▶ [Source material]:
◇ ◇ ◇ ◇

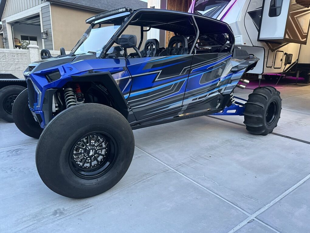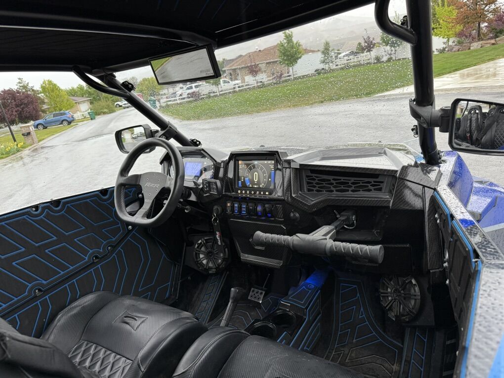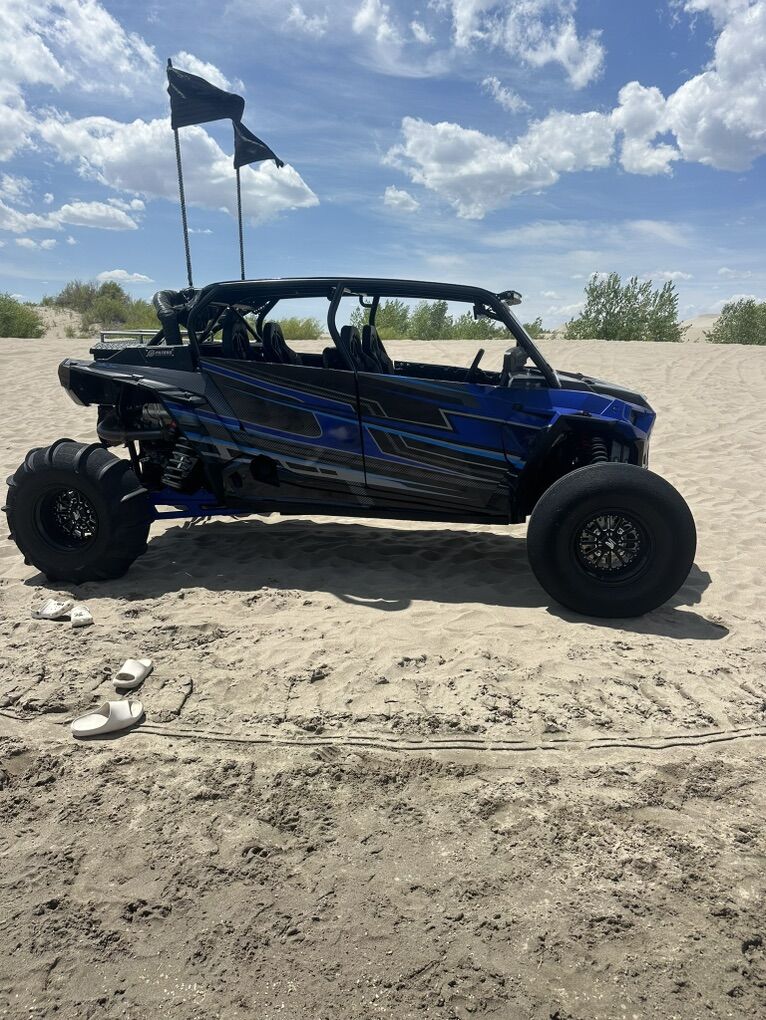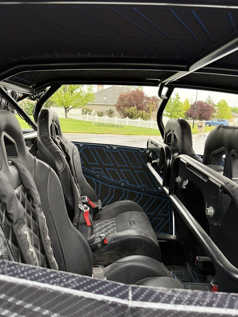 Upgrade List: Kicker Speakers / Sound system Sand Wheels & Tires: Sand Craft 32” tire with Packard Wheel Trail Wheels & Tires: Caliber Racing Wheel with 32 Tire, custom powder coating on wheels Carbon Fiber accents (hood and interior) Brand new ECD wrap Street Legal Kit Light Bar Rear Storage box Fire extinguisher -2 Vent Cage Rock Lighting Racing seats DKZ Interior foam kit Moto Armor Doors EVO Exhaust with electronic baffle Tuner Sparco Steering wheel 5150 lighted whips Front and rear camera SMB Particle Separator Worx Turbo upgrade & tuner - Tuned for 91 & 110 SS Skid Plate
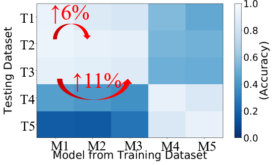 但目前预测任务的配置,例如所需模型的数量以及模型的应用范围,仍然是一个开放性问题。为了深入研究此问题,该团队进一步验证多任务设定而非单任务设定,也即观察多个模型在多个测试集上的性能。在一个实际建筑物中,使用了从冷机1到冷机5的训练数据集训练了5个模型(以下称为M1 - M5)。然后在另外5个测试数据集(T1 - T5)的不同场景中测试了5个模型的性能。实验及其结果分别如图5-1、5-2所示。
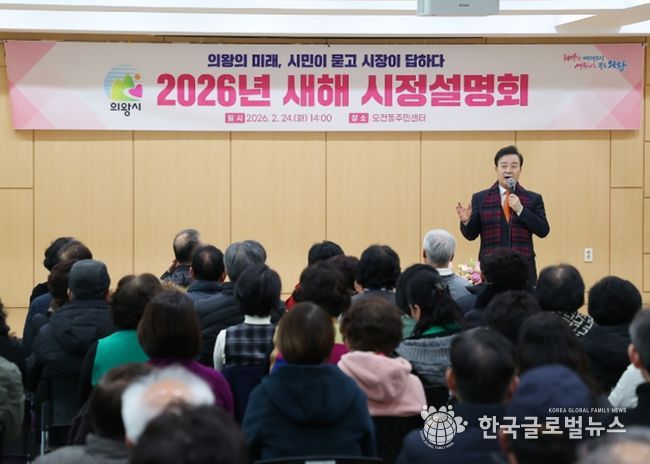 (한국글로벌뉴스 - 박소연 기자) 의왕시는 2월 19일부터 27일까지 6개 동 주민센터에서 개최된 ‘2026년 새해 시정설명회’를 성공적으로 마무리했다. 이번 설명회에는 총 800여 명의 시민이 참석하며 높은 관심을 모았으며, 시장이 직접 각 동을 방문해 주민들과의 대화를 나누는 형식으로 진행됐다.

◇ ◇ ◇ ◇

Please set down each line of the data above exactly as written, without the pictures.

▶ [Exercise result]:
 Upgrade List: Kicker Speakers / Sound system Sand Wheels & Tires: Sand Craft 32” tire with Packard Wheel Trail Wheels & Tires: Caliber Racing Wheel with 32 Tire, custom powder coating on wheels Carbon Fiber accents (hood and interior) Brand new ECD wrap Street Legal Kit Light Bar Rear Storage box Fire extinguisher -2 Vent Cage Rock Lighting Racing seats DKZ Interior foam kit Moto Armor Doors EVO Exhaust with electronic baffle Tuner Sparco Steering wheel 5150 lighted whips Front and rear camera SMB Particle Separator Worx Turbo upgrade & tuner - Tuned for 91 & 110 SS Skid Plate
 但目前预测任务的配置,例如所需模型的数量以及模型的应用范围,仍然是一个开放性问题。为了深入研究此问题,该团队进一步验证多任务设定而非单任务设定,也即观察多个模型在多个测试集上的性能。在一个实际建筑物中,使用了从冷机1到冷机5的训练数据集训练了5个模型(以下称为M1 - M5)。然后在另外5个测试数据集(T1 - T5)的不同场景中测试了5个模型的性能。实验及其结果分别如图5-1、5-2所示。
 (한국글로벌뉴스 - 박소연 기자) 의왕시는 2월 19일부터 27일까지 6개 동 주민센터에서 개최된 ‘2026년 새해 시정설명회’를 성공적으로 마무리했다. 이번 설명회에는 총 800여 명의 시민이 참석하며 높은 관심을 모았으며, 시장이 직접 각 동을 방문해 주민들과의 대화를 나누는 형식으로 진행됐다.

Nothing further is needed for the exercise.